After development, GitHub CICD workflows can be added to automatically build and release the dockerfile for the end user.

General Steps

EukPhylo pipeline is composed of two parts, that can be run individually: Part 1 can be run only once, to assign gene families; Part 2 builds MSAs, trees, and implements contamination removal and concatenation. It's preferable to run Part 2 using the outputs of Part 1 as input, but this is not required as long as the input files are in the same format (one fasta file per species, with sequences IDs starting with a 10 digit taxon identifier and ending in a gene family identifier with the format OGx_xxxxxx. See extended version of the wiki for details.)

Contents

  1. Install EukPhylo
  2. Run EukPhylo part 1 a. with the Hook database or with custom database b. with assembled transcripts or genomic CDS c. modularity
  3. Run EukPhylo part 2 a. basic running b. modularity c. contamination removal d. choosing orthologs and concatenation

Installing EukPhylo

Scripts can be used as downloaded from the GitHub, and should work on any platform Dependencies & third party tools, along with the versions that we use at the Katz lab

  • TrimAl (1.2)
  • Guidance (2.2)
  • Diamond (0.9.30, compiled with GCC 8.3.0)
  • MAFFT (7.475)
  • IQ-Tree (2.1.12)
  • RAxML (8.2.12)
  • BLAST+ (2.9.0)
  • Vsearch (2.21.1, compiled with GCC 10.3.0)
  • Python (3.9.6, libraries can be installed with Pip)
  • ETE3 (pip install ete3)
  • BioPython (1.79-foss-2021b)
  • tqdm

EukPhylo part 1: Assigning Gene families

EukPhylo part 1 runs CDS (genomes) or assembled transcripts (transcriptomes) through several scripts in order (5 for CDS, 7 for assembled transcripts) to remove bacterial contamination and produce ReadyToGo files. These scripts are run through a wrapper script.

Transcriptomes:

Set Up:

  • A folder called “AssembledTranscripts” with your assembled transcript fasta files
  • A folder called “Databases” with the three sub folders:
    • db_BvsE (how we ID likely-bacterial sequences)
    • db_StopFreq (for stop codon assignment)
    • db_OG
      • Hook *.dmnd file ([Current version Hook-1.0.dmnd])
      • Hook *.fasta file ([Current version Hook-1.0.fasta])
  • A folder called “Scripts” with scripts from here on GitHub
  • An empty folder for the output named as indicated in the run command for flag -o

Running:

python wrapper.py -1 1 -2 7 --assembled_transcripts AssembledTranscripts -o Output_Folder --genetic_code Universal -d Databases > log.txt

Code parameters:

Parameter Description
-1 Start/first script to run.
-2 End/last script to run.
--assembled_transcripts Path to folder with Assembled transcripts in fasta format.
-o Path to output folder.
--genetic_code Specified genetic code, name of .txt file with Genetic codes; optional.
-d Path to Databases folder.
> log.txt If added to the end of the command, it will output a log file with progress, warning, or error messages.
-x Run cross-plate contamination (XPC).
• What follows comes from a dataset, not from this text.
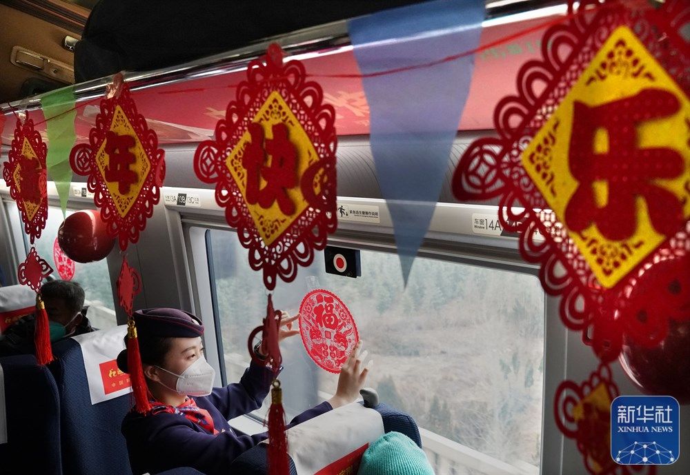 1月1日,列车工作人员在G2023次高铁列车车厢内贴窗花。新华社记者 李安 摄
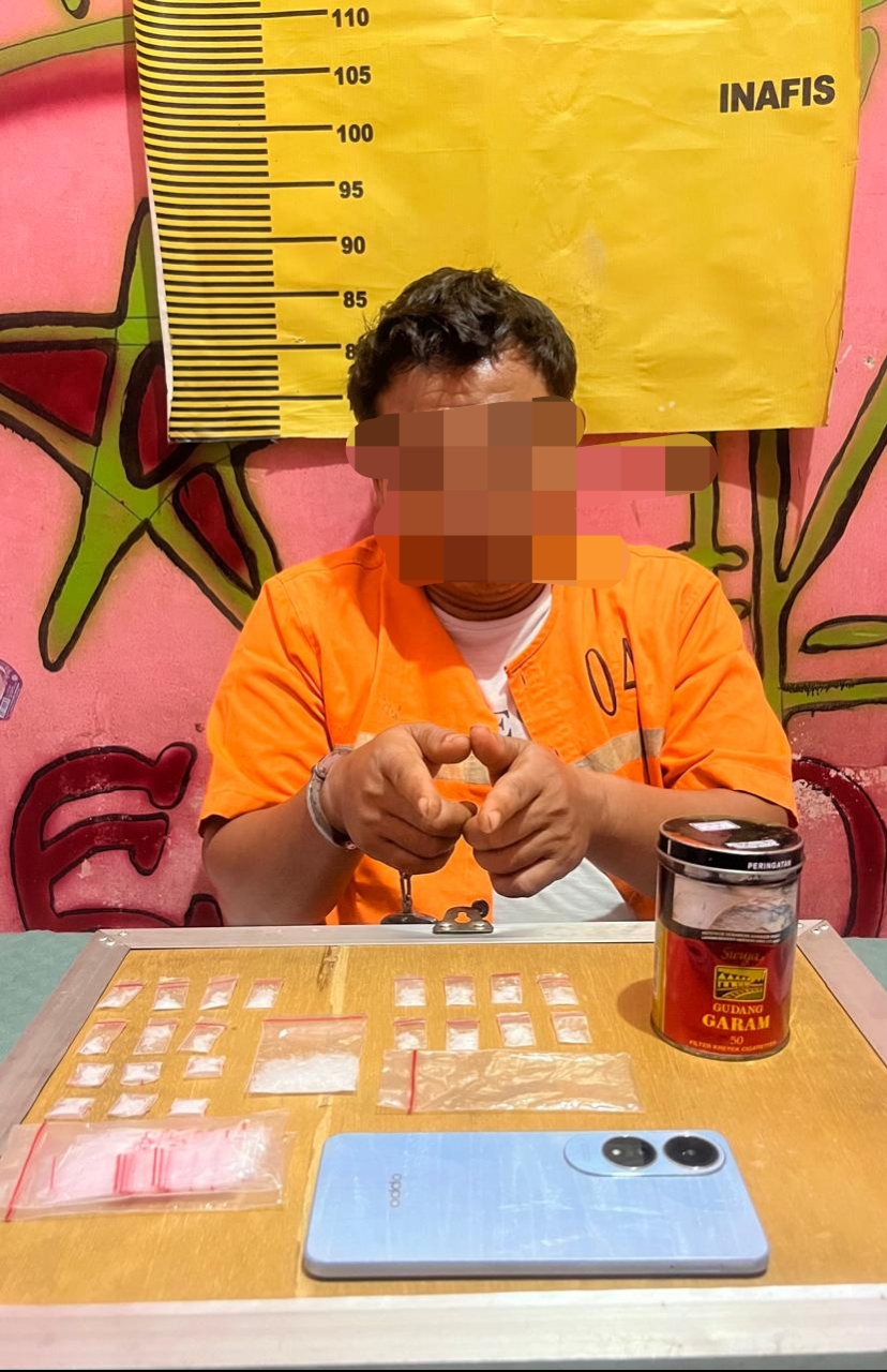Saat tiba di lokasi, petugas menemukan seorang pria dengan gerak-gerik mencurigakan. Setelah diamankan dan dilakukan penggeledahan, ditemukan satu paket kecil sabu. Petugas kemudian melakukan pengembangan ke rumah pelaku dan kembali menemukan sejumlah paket sabu lainnya yang siap edar.

Only available for transcriptomes.

Output:

  1. ReadyToGo files = AA, NTD
  2. Summary and statistics of sequences

Modularity, and replacing the Hook database

EukPhylo part 1 for transcriptomes is composed of 7 scripts. User can choose to start or stop at each step by changing the -1 and/or -2 options. If a user chooses to use their own gene family database, they need to replace the Hook.fasta file in the Databases folder and build a diamond version of their own file; with adjusting the naming system of sequences as the only requirement.

Genomes:

Set Up:

  • A folder called “CDS” with your CDS fasta files
  • A folder called “Databases” with the three sub folders:
    • db_BvsE (how we ID likely-bacterial sequences)
    • db_StopFreq (for stop codon assignment)
    • db_OG
      • Hook *.dmnd file ([Current version Hook-1.0.dmnd])
      • Hook *.fasta file ([Current version Hook-1.0.fasta])
  • A folder called “Scripts” with the 10 scripts from here on GitHub. To run locally, pull out all scripts into main folder

Running:

python wrapper.py -1 1 -2 5 --cds CDS -o Output_Folder --genetic_code Gcodes.txt -d Databases > log.txt

Code parameters:

Parameter Description
-1 Start/first script to run.
-2 End/last script to run.
--cds Path to folder with CDS files in fasta format.
-o Path to output folder.
--genetic_code Specified genetic code, name of .txt file with Genetic codes; optional.
-d Path to Databases folder.
>log.txt If added to the end of the command, it will output a log file with progress, warning, or error messages.

Output:

  1. ReadyToGo files = AA, NTD
  2. Summary and statistics of sequences

Modularity, and replacing the Hook database

EukPhylo part 1 for genomes is composed of 5 scripts. User can choose to start or stop at each step by changing the -1 and/or -2 options. If a user choose to use their own gene families database, they need to replace the Hook fasta file in the Database folder, and build a diamond version of their own file; with adjusting the naming system of sequences as the only requirement.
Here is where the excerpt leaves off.